The stigma is the entry point for sexual reproduction in plants, but the mechanisms underlying stigma development are largely unknown. Here, we disrupted putative auxin biosynthetic and signaling genes to evaluate their roles in rice (Oryza sativa) development. Disruption of the rice PINOID (OsPID) gene completely eliminated the development of stigmas, and overexpression of OsPID led to overproliferation of stigmas, suggesting that OsPID is a key determinant for stigma development. Interestingly, ospid mutants did not display defects in flower initiation, nor did they develop any pin-like inflorescences, a characteristic phenotype observed in pid mutants in Arabidopsis (Arabidopsis thaliana) and maize (Zea mays). We constructed double mutants of OsPID and its closest homolog, OsPIDb, yet the double mutants still did not develop any pin-like inflorescences, indicating that either ospid is compensated by additional homologous genes or OsPID has different functions in rice compared with PID in other organisms.

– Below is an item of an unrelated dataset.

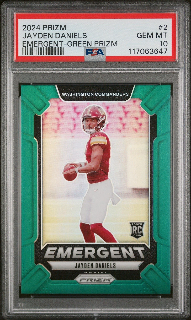 2024 Panini Prizm Emergent 2 Jayden Daniels Green Prizm PSA 10

We then knocked out one of the NAKED PINS IN YUC MUTANTS (NPY) genes, which cause the formation of pin-like inflorescences in Arabidopsis when compromised, in the ospid background. The ospid osnpy2 double mutants developed pin-like inflorescences, which were phenotypically similar to pid mutants in Arabidopsis and maize, demonstrating that the roles of OsPID in inflorescence development are likely masked by redundant partners. This work identified a key determinant for stigma development in rice and revealed a complex picture of the PID gene in rice development. Furthermore, the stigma-less ospid mutants are potentially useful in producing hybrid rice.